За обедом все говорили только о проповеди отца Эусеба; а так как добрейший реколлект отсутствовал (он остался обедать у кюре), то сотрапезники без смущения возносили ему самые возвышенные хвалы.
Только аббат де Ганж холодно отозвался об этой проповеди.
— Есть вещи столь естественные и простые, — заявил он, — что я всегда удивляюсь, отчего их делают темой проповеди. Проповедовать существование Господа означает предполагать, что есть люди, не верящие в Него. Но я не могу себе представить, чтобы в наших краях нашелся хоть один такой человек.
— Я с вами не согласна, — ответила г-жа де Рокфей. — Во-первых, я точно знаю, что мало кто из неверующих готов в этом признаться, и тех, кто не признается, на мой взгляд, немало. А во-вторых, я никогда не смогу назвать верующим того, кто слепо идет на поводу у своих дурных страстей. Если бы такой человек верил в Бога, разве не смог бы он с Его помощью укротить свои страсти?
— Но, — возразил аббат, — разве не существует законов, призванных остановить тех, кого не останавливает страх перед Божьей карой?
— Таких законов недостаточно, — продолжала г-жа де Рокфей, — к тому же их нетрудно обойти. Преступления, совершенные втайне, становятся неподвластны закону, а люди, обладающие властью, и вовсе дерзко презирают любые человеческие установления! Что помогает слабому не трепетать при одной только мысли о могуществе сильного? Только утешительная мысль о том, что справедливый Господь рано или поздно отомстит его гонителю! Что говорит бедняк, когда его обирают? Что говорит несчастный, когда его притесняют? «О! — восклицает и тот и другой, проливая слезы, кои тотчас утирает рука надежды. — С тем, кто меня тиранит, обойдутся так же, как и со мной; мы вместе явимся на суд к Предвечному, и там мне будет отмщенье». Так не отбирайте же это утешение у несчастных! Увы, зачастую оно единственное, которое у них остается, а потому не будем жестоки и не станем отнимать у них последнее!
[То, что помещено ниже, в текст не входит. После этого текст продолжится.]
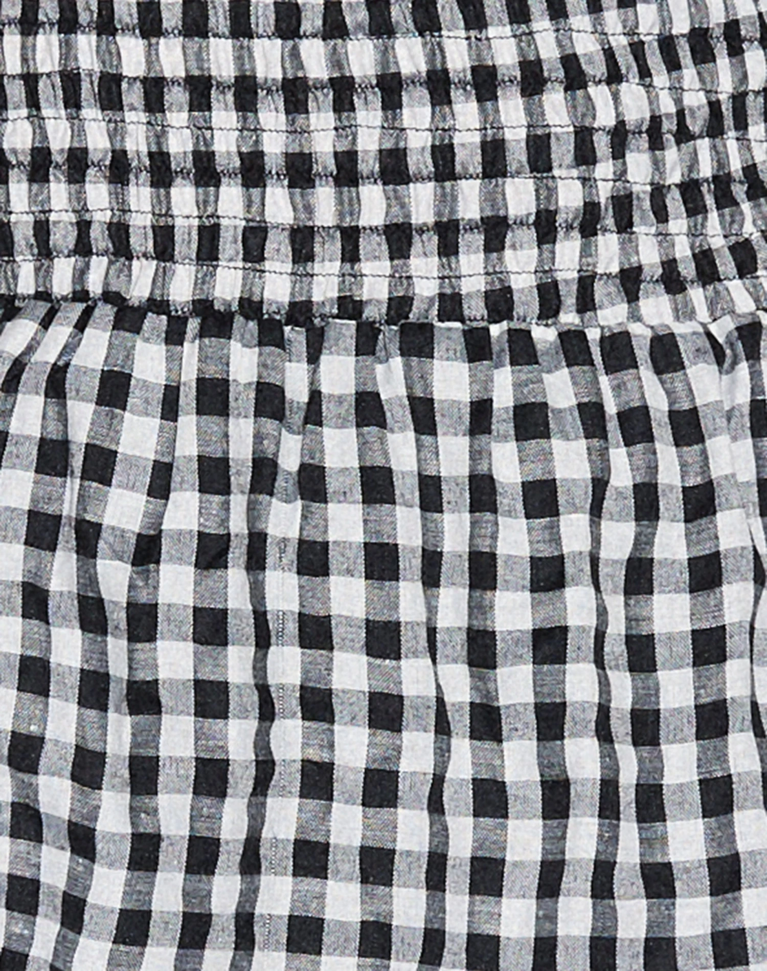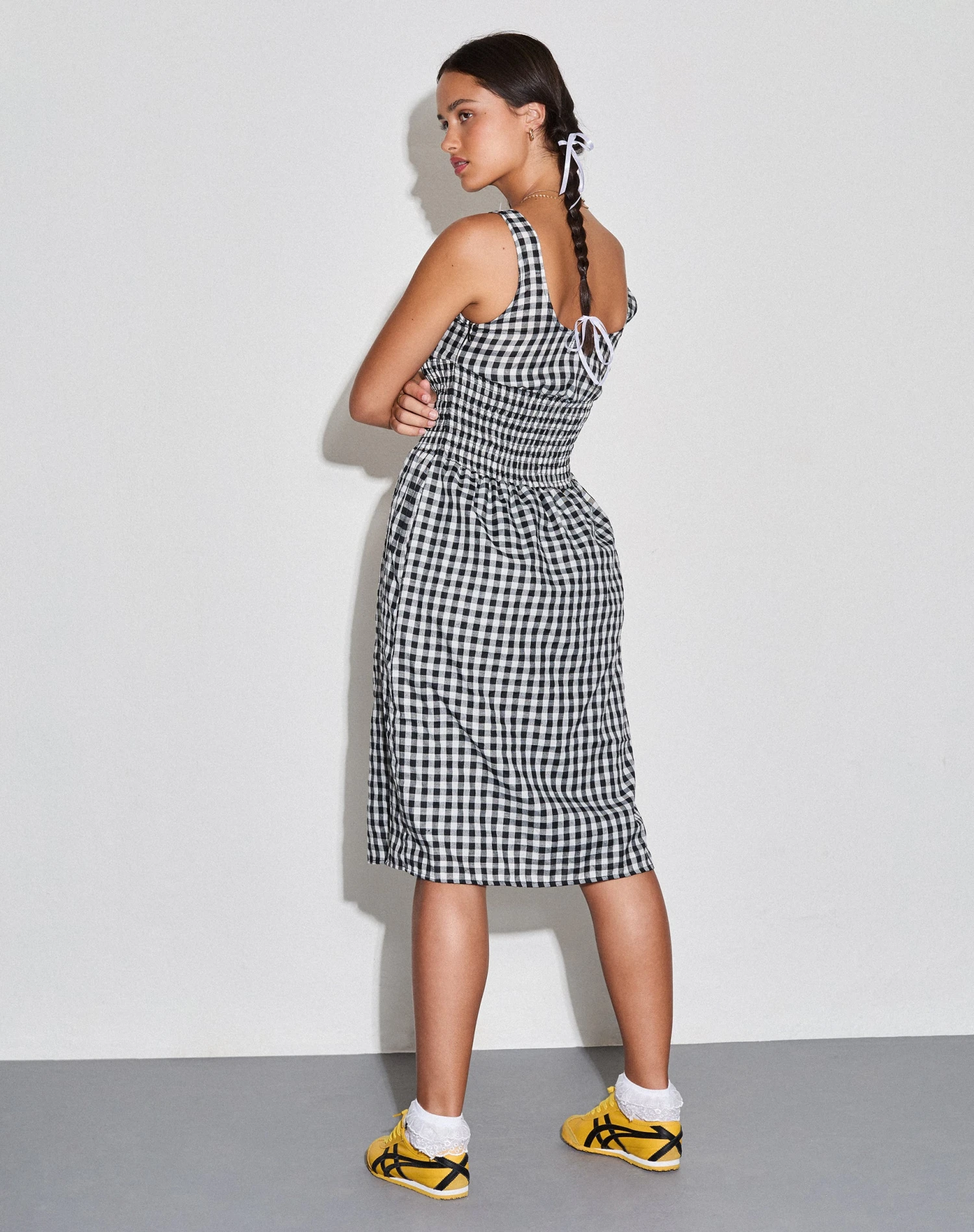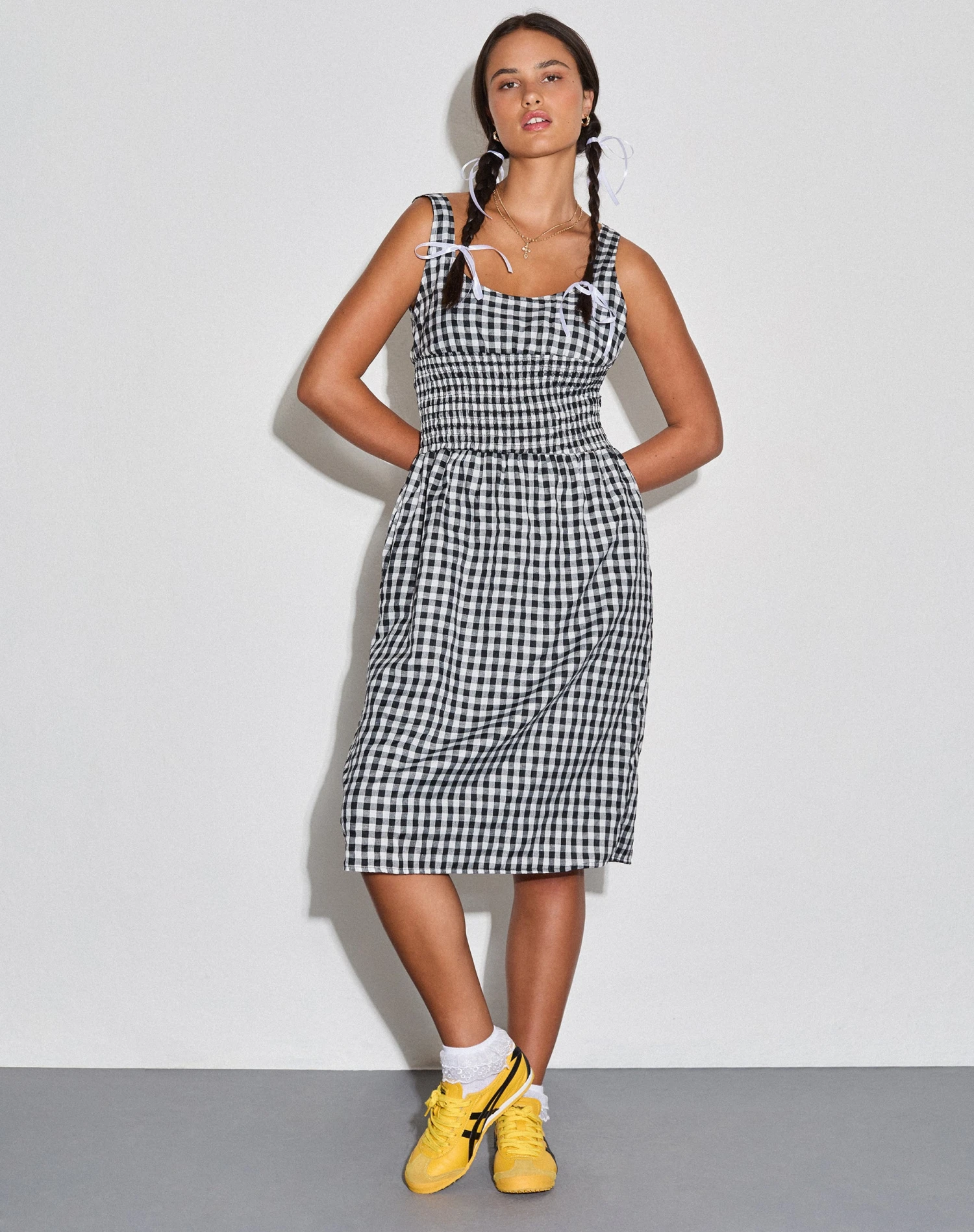 Our Ambrose Dress is the perfect ‘fit for spring. Featuring a knee length midi fit, a square neckline, shirring from the underbust and a full skirt. It comes in a black and white gingham print and features side pockets.

Прекрасные глаза Эфразии, в полном согласии с ее добрым сердцем, одобряли все, что говорила г-жа де Рокфей. Бросив взгляд на невестку, Теодор стал рассеян и постарался придать разговору менее серьезный тон; ему это удалось, а вскоре беседа и вовсе прекратилась, ибо все вышли из-за стола.
Хотя для обитателей замка Ганж зима прошла в приятных беседах, развлечениях и забавах, все с радостью встретили наступление весенней погоды. Сердце Теодора было по-прежнему не на месте, и он наконец решился покинуть дом, где находиться ему стало крайне опасно. Однако разговор, состоявшийся у него с коварным Перре, неожиданно возродил в нем надежду на победу, на которую он давно уже перестал рассчитывать.
— Друг мой, — сказал он своему коварному конфиденту, — зима прошла, а дела мои так и не сдвинулись с места; прежние заботы гложут меня, и хотя кругом все оживает и цветет, сердце мое, лишенное пищи, отказывается присоединиться ко всеобщему возрождению. Словно увядшая роза, оно терзается прежними муками, сгорает от прежних желаний и, как и раньше, чувствует свое бессилие. Ну почему, скажи мне, почему, когда все в природе оживает, я чувствую в себе только смерть? Чем чаще я вижу Эфра-зию, тем сильнее я люблю ее и тем больше смущаюсь, не в силах заставить себя поведать ей о своих чувствах, пробудившихся во мне с неведомой мне прежде силой. Известно ли тебе, приятель, что я впервые не нахожу в себе мужества поведать женщине о своей любви, впервые мне страшно, что чувство мое может остаться безответным. Смущение мое наверняка покажется тебе странным, но, увы, любезный мой Перре, я ничего не могу с собой поделать.